A particularly important point that shifted positively my perspective was the discussion around the broader utility of the method beyond property optimization. I now see its potential for property targetting as well, especially for properties that depend on the size of the graph, not just in molecular domains but in graph settings more generally. The flexibility of dynamically adjusting the number of nodes during the denoising process is indeed valuable. The results in Tables 1 and 2 support this view: while GrIDDD does not outperform existing methods for tasks where property dependence on graph size is minimal, it excels in cases where that dependency is more direct. This intuition is hinted in the text, but I would encourage the authors to elaborate further and make it more explicit in the final version.

评论

We thank the reviewer for the time and effort in evaluating our paper. We are pleased that all the major concerns have been addressed, and that the discussion has clarified the contributions of GrIDDD, in particular regarding its effectiveness for molecular property targeting and optimization.

We would also thank the reviewer for the opportunity to engage in this fruitful dialogue, which we believe has contributed to a clearer understanding of our work and its implications.

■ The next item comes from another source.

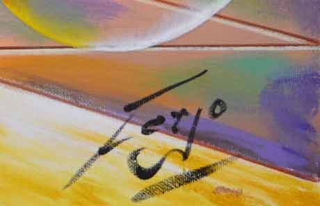 Artist: Ferjo (b. 1946) - Title: Music Room with Michelangelo - Medium: Original Acrylic on Canvas - Signature: This one-of-a-kind work is hand-signed by the artist at the bottom of the image - Image Size: Approximately 30 inches x 40 inches - Framed: Stretched and Ready for Framing - Details: This work comes with a Certificate of Authenticity - Biography: Ferjo (b. 1946 - Fernando de Jesus Oliveira) is Brazilian, but lives in the U.S. now. A master of many different styles, he has become known for his work in surrealism. Dali and Magritte would be proud of this follower of theirs. Whether he is painting a room interior, complete with floating objects, or a marina scene his use of colors and lines is flawless. - Ferjo's originals have sold for more than $100,000.00. -

We remain fully committed to fixing all formatting issues and improving the discussion of all the points mentioned by the reviewer in the main text. Due to space constraints, the ablation and the hyperparameter sensitivity studies will be documented in the appendix sections, but they will nonetheless be properly referred to in the main text for clarity and ease of access.

审稿意见
4

The manuscript presents a method, GRIDDD, that extends the DIGRESS method for discrete graph diffusion by monotonic node insertion or removal. Original DIGRESS method shows excellent performance in molecular generation tasks, but number of nodes of the graph have to be specified beforehand. For some applications, e.g., drug design, one aims to generate a molecule with specific properties and the size of the molecule might not be known beforehand. The GRIDDD method allows to change the number of atoms during the diffusion process; in combination with classifier guidance this makes it possible to optimize the generated molecule towards a certain property. For this, the manuscript introduces new transition states for deleting nodes, a scheduling function that determines when and how likely a deletion/insertion happens as well as an auxiliary neural network that predicts how many nodes to delete at a specific time step.

优缺点分析

First of all, the limitation that graph size has to be specified beforehand is not as critical as it seems. One can simply start from multiple graph sizes and sample all of them, deciding for the best graph afterwards. This is more time consuming than changing graph size during denoising, though. Another possibility is to learn a predictor that estimates an optimal graph size for the given problem. This is done by FREEGRESS and the evaluation shows that the GRIDDD method performs more or less the same for most problems. Only for molecular weight, the GRIDDD method outperforms FREEGRESS clearly. However, this is a property that completely depends on graph size and might be somewhat arbitrary and, in practice, rather uninteresting.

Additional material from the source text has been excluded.